The Bush recession devastated the working class and nearly wiped out the middle class. It put at least 13 million Americans out of work. About 10% of American families lost the homes they were living in. Millions of millennials had to move back in with their parents. Almost 40% of all the wealth in the country was wiped out. This was a disaster.
Not everyone suffered the same during the recession, and the recovery has not been equal either. The Wall Street Banks whose greed caused the financial collapse that led to the recession are better off and more profitable today than before they collapsed the economy. Their executives make at least 20% more than they did back then—despite putting their institutions into near collapse.

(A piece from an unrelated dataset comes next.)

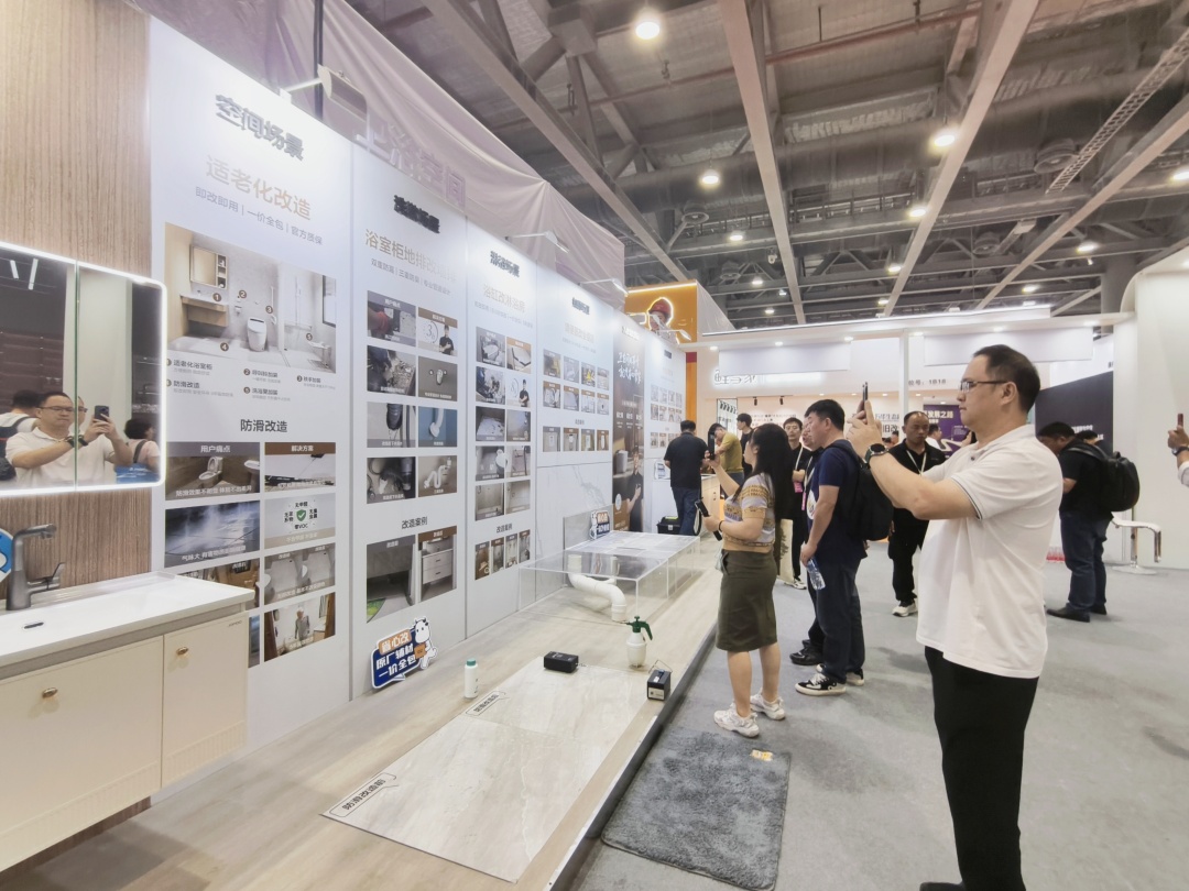 针对广州老旧小区厨卫防滑、设施不适老、改造周期长等民生痛点,九牧“省心焕家中国行·广州站”同步亮相展会。方案主打微创、快装、无损:卫浴防滑不拆砖,2小时快速提升安全系数;推出8小时蹲便改坐便、3小时地排改墙排,配套适老扶手、应急呼叫;厨房采用无尘切割、毫米级定位,并承诺“切坏包赔”,让市民改造更安心。

Corporate profits are higher today than before the recession. CEO compensation has increased, and the disparity of wealth in this country is at levels not seen since the 1920’s when wealth disparity led to the Great Depression under Herbert Hoover.

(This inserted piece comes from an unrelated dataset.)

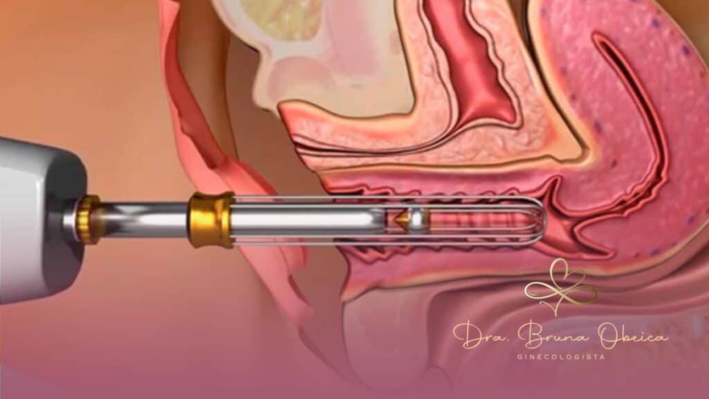 O médico insere delicadamente o aplicador de laser, de formato anatômico, e realiza a aplicação em movimentos circulares suaves pelo canal vaginal, utilizando laser de CO2 fracionado ou Erbium.

Most Americans, however, are making 7% less than they did before the collapse when inflation is taken into account. And, despite steady job growth, 11 million are still un-employed or under employed.
The policies of George W. Bush and the Republican Congress served huge corporations, Wall Street, and the top 1% well. The Bush gift is one that keeps on giving. So does the shaft that the rest of the country got from the Bush/Cheney administration and GOP Congress.
The de-regulation of the banking industry allowed Wall Street speculators to gamble other people’s money in schemes that would have been stopped by regulators. The laissez faire policies of Bush brought the financial system down and forced taxpayers to bail the crooks out. No one went to jail. The perpetrators are doing better today than they were back then due to bad laws and a Congress that has been holding up the banking reforms passed by Democrats in 2009.
An updated study by the prominent economists Emmanuel Saez and Thomas Piketty found the top 10 percent of earners took more than half of the country’s total income in 2012, the highest level recorded since the government began collecting the relevant data a century ago. The top 1 percent took more than one-fifth of the income earned by Americans, one of the highest levels on record since 1913, when the government instituted an income tax.
High stock prices, rising home values and surging corporate profits have buoyed the recovery-era incomes of the most affluent Americans, with stagnant wages for many blue- and white-collar workers.
“These results suggest the Great Recession has only depressed top income shares temporarily and will not undo any of the dramatic increase in top income shares that has taken place since the 1970s,” Mr. Saez, an economist at the University of California, Berkeley, wrote in his analysis of the data.
More generally, richer households have disproportionately benefited from the boom in the stock market during the recovery, with the Dow Jones industrial average more than doubling in value since it bottomed out early in 2009. About half of households hold stock, directly or through vehicles like pension accounts. But the richest 10 percent of households own about 90 percent of the stock, expanding both their net worth and their incomes when they cash out or receive dividends.
Things are not likely to get better anytime soon with the gridlock in Washington and Republican obstruction to every job creating proposal of the Obama administration. Perhaps voters will fix this in 2014, or perhaps Republicans will control the Senate and make ting even worse.